** Exercise input follows **
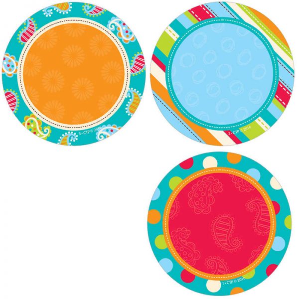 These Dots on Turquoise Dots 3″ color cut-outs are accented by original CTP patterns such as Dots on Turquoise, Stitches and Stripes, and Turquoise Paisley.
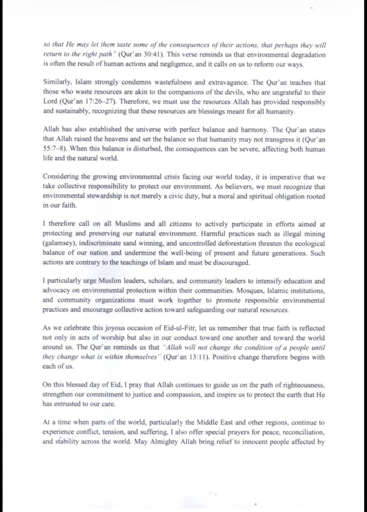 A major highlight of the message was the theme “Our Earth, Our Future,” which underscores environmental protection as both a moral and religious duty.
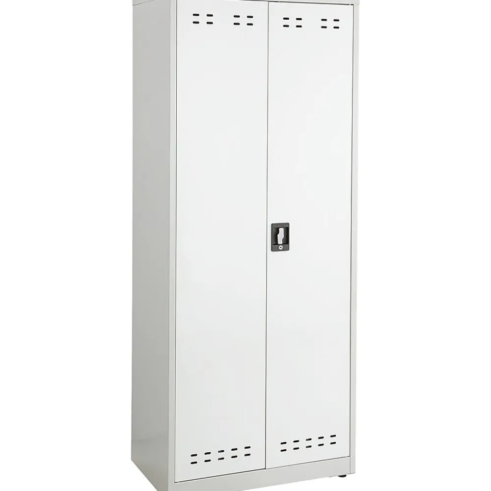 - The cabinet features a recessed locking door handle, with a three-point locking design and adjustable leveling glides to ensure there isn’t any wobbling
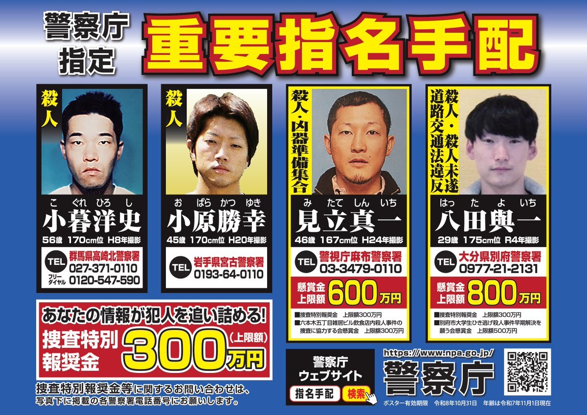 【刑事総務課】 🚨11月は「指名手配被疑者捜査強化月間」🚨 全国で約590人、県内で35人の指名手配被疑者が逃走しています。(8月末現在)。県警ホームページやポスターをご覧いただき、「似てる」と思ったら110番通報をお願いします🤳#福岡県警 #110番 #指名手配 police.pref.fukuoka.jp/jiken-jiko/01.… pic.x.com/nblJ1Rdur2
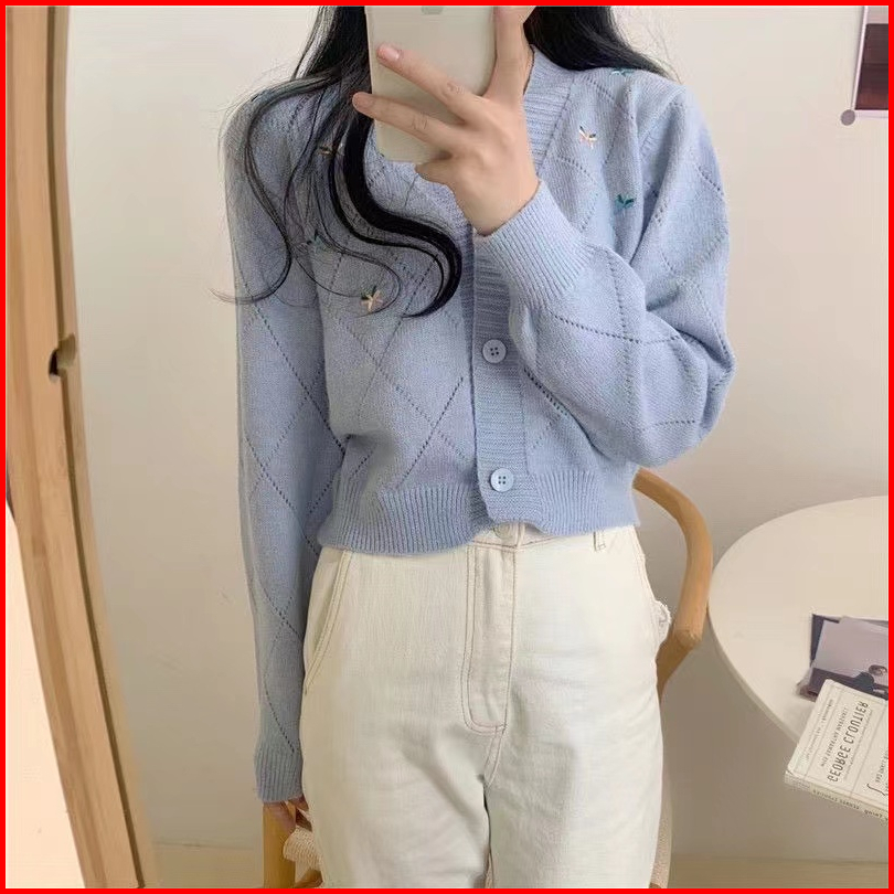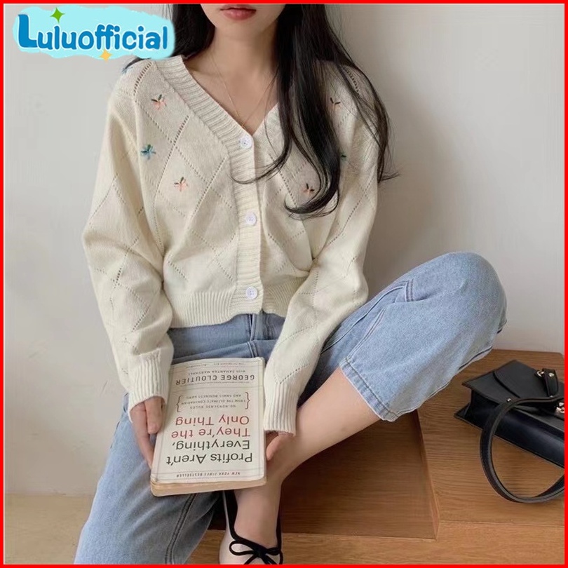 Luluofficial Cardigan Rajut Blossom Motif Bunga Import
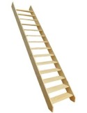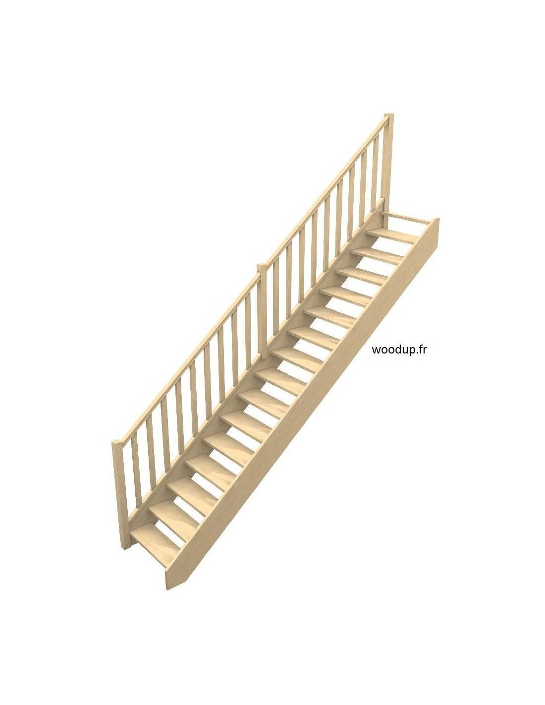 Scala dritta in abete consegnata in kit, tagliabile fino a 285 cm. 15 gradini, larghezza 80 cm (82 cm con ringhiera), sezione 200×28 mm, vano scala consigliato 85×273 cm. Disponibile con o senza alzate e ringhiera. Finitura da applicare dopo la posa.
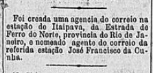 Der Bahnhof Itaipava wurde im Februar 1886 von der Eisenbahngesellschaft E.F. do Norte (ehemals Príncipe do Grão-Pará) eröffnet und lag im Município de Petrópolis, über 80 km nördlich der Hauptstadt Rio de Janeiro. Die Strecke wurde 1888 von der R.J. Northern Railway übernommen und gehörte von ca. 1890 bis zu ihrer Stilllegung 1964 der E.F. Leopoldina. Heute sind die Gleise verschwunden, auf dem ehemaligen Bahnhofsgelände befindet sich ein Einkaufszentrum.
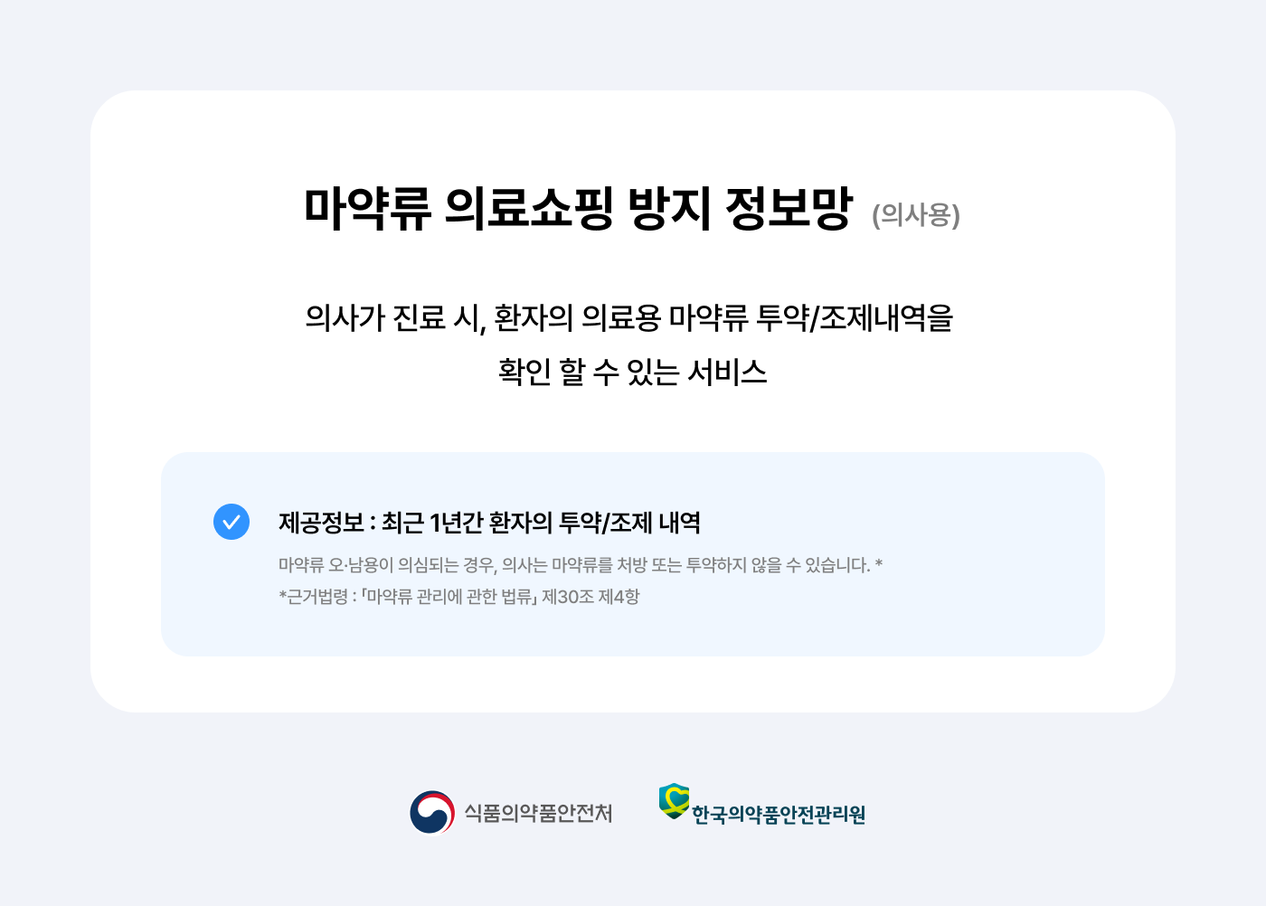 ※ 마약류 오·남용이 의심되는 경우, 의사는 마약류를 처방 또는 투약하지 않을 수 있어요.
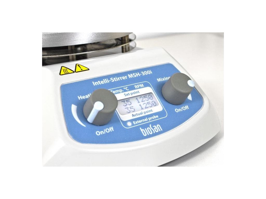 Magnetické miešadlo s ohrevom Intelli-Stirrer MSH-300i s digitálnym ovládaním rýchlosti a teploty umožňuje miešanie až 20 litrov vzorky. Vďaka externému teplotnému senzoru poskytuje presnú kontrolu teploty priamo v miešanej kvapaline.
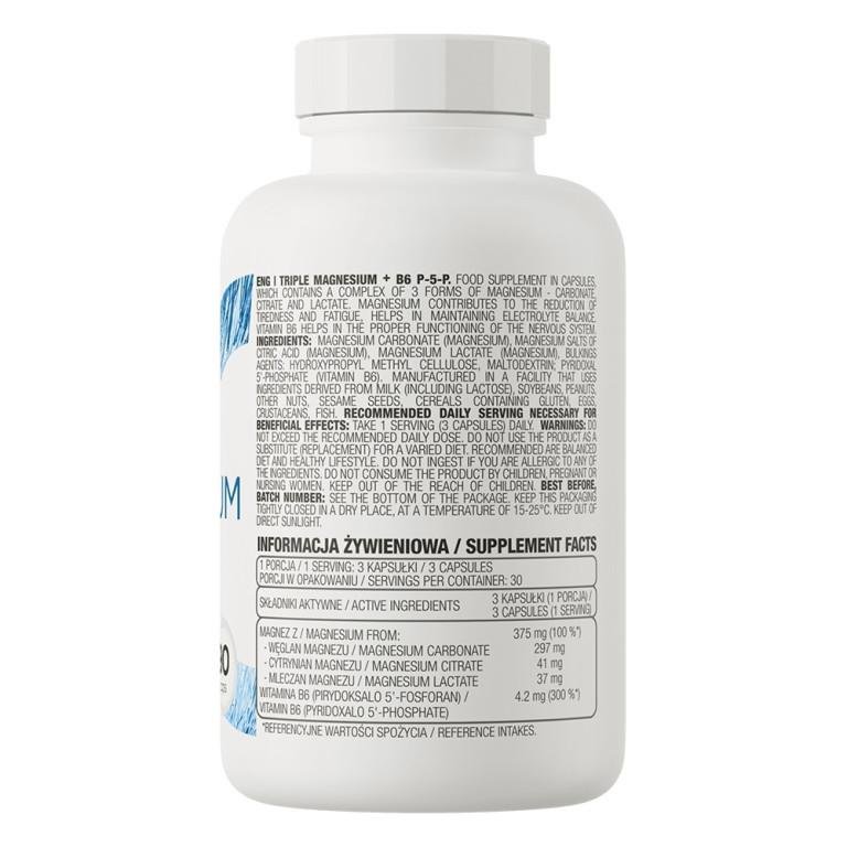 - Ostrovit, Triple Magnesium + B6 P-5-P — это усовершенствованная минеральная формула, разработанная для поддержания функции мышц, баланса нервной системы и энергетического обмена. Добавка сочетает в себе три формы магния для улучшения усвоения и эффективности, а также активную форму витамина B6 (P-5-P), которая способствует лучшему усвоению магния в организме. Эта формула идеально подходит для тех, кто ищет поддержки для расслабления, восстановления и общего благополучия.
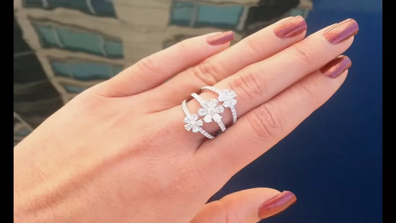Mit diesem Diamanten Ring im Blüten Design präsentieren wir ein exquisites Schmuckstück, das durch feminine Eleganz beeindruckt und gleichzeitig dank des ungewöhnlichen Designs garantiert ins Auge fällt.
** End of Exercise input **
Exactly as written above, retype the lines starting at the one holding "- The cabinet" and ending at the one holding "투약하지 않을 수 있어요.", both included, but not the pictures.

◆ Solution ◆
 - The cabinet features a recessed locking door handle, with a three-point locking design and adjustable leveling glides to ensure there isn’t any wobbling
 【刑事総務課】 🚨11月は「指名手配被疑者捜査強化月間」🚨 全国で約590人、県内で35人の指名手配被疑者が逃走しています。(8月末現在)。県警ホームページやポスターをご覧いただき、「似てる」と思ったら110番通報をお願いします🤳#福岡県警 #110番 #指名手配 police.pref.fukuoka.jp/jiken-jiko/01.… pic.x.com/nblJ1Rdur2
 Luluofficial Cardigan Rajut Blossom Motif Bunga Import
 Scala dritta in abete consegnata in kit, tagliabile fino a 285 cm. 15 gradini, larghezza 80 cm (82 cm con ringhiera), sezione 200×28 mm, vano scala consigliato 85×273 cm. Disponibile con o senza alzate e ringhiera. Finitura da applicare dopo la posa.
 Der Bahnhof Itaipava wurde im Februar 1886 von der Eisenbahngesellschaft E.F. do Norte (ehemals Príncipe do Grão-Pará) eröffnet und lag im Município de Petrópolis, über 80 km nördlich der Hauptstadt Rio de Janeiro. Die Strecke wurde 1888 von der R.J. Northern Railway übernommen und gehörte von ca. 1890 bis zu ihrer Stilllegung 1964 der E.F. Leopoldina. Heute sind die Gleise verschwunden, auf dem ehemaligen Bahnhofsgelände befindet sich ein Einkaufszentrum.
 ※ 마약류 오·남용이 의심되는 경우, 의사는 마약류를 처방 또는 투약하지 않을 수 있어요.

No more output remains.